CAAF Residency st[art]@art central, November – December 2011
Morphoids are unusual creatures, identified by the distinct peeling quality of their skin. The first of the Morphoids was discovered by Jennifer Akkermans in 2010, in Fish Creek Park, Calgary, Alberta. The first Morphoid discovered, Sepal, was seen scurrying out of sight under a bush. Akkermans says, “Sepal has very effective camouflage – at first, all I saw was the movement. When I looked, I couldn’t make out exactly what was moving, and then I saw it. I had never seen anything like it.” Sepal is a creature of an unusual color, texture, and shape, and doesn’t have any sort of a face – no obvious eyes, nose or mouth. It also seems to move very quickly, but slyly, and not when it feels it is being watched.

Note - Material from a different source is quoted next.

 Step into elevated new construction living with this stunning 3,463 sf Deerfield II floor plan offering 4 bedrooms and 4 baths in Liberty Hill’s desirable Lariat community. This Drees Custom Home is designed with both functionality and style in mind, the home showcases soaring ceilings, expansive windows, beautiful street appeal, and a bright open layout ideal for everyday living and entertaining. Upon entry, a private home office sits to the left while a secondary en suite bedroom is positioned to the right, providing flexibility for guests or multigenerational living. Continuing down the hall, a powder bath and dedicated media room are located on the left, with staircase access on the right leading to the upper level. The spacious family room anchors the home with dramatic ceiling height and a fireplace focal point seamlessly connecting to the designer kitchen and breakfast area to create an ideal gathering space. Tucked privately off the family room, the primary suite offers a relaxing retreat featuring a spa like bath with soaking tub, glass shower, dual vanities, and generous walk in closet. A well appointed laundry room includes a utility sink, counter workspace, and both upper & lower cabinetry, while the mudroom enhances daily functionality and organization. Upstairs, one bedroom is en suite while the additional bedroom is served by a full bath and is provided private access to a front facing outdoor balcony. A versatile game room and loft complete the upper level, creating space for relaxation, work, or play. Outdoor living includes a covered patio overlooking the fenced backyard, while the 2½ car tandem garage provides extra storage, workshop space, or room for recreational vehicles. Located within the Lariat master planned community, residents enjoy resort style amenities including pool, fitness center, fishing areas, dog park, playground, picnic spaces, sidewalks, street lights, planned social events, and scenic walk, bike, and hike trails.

It seemed that once Akkermans had discovered the first Morphoid, there were many more to be revealed. Since 2010, Morphoids of all shapes and sizes, have been carefully observed and photographed both in their natural environments and in the laboratory. They are unlike any animals seen before, in that the Morphoids have a few very distinct defining characteristics:
- They are ambiguous creatures, and often seem to imitate other animals
- They are often very vibrantly coloured
- All have an unusual peeling skin texture on part, if not all of their bodies
- They show no obvious facial features or genitalia
- Their main defense mechanism is to freeze when they feel they are being watched
As a result of these discoveries, Akkermans founded the Institute of Morphoid Research. The Institute is dedicated to the study and preservation of the creatures falling within what a new phylum, Morphopodia. The Institute aims to document all aspects of the Morphoids, through many avenues of study and research, including observation, photography, video, drawing, anatomical study, collecting, speculation and eventually, dissection.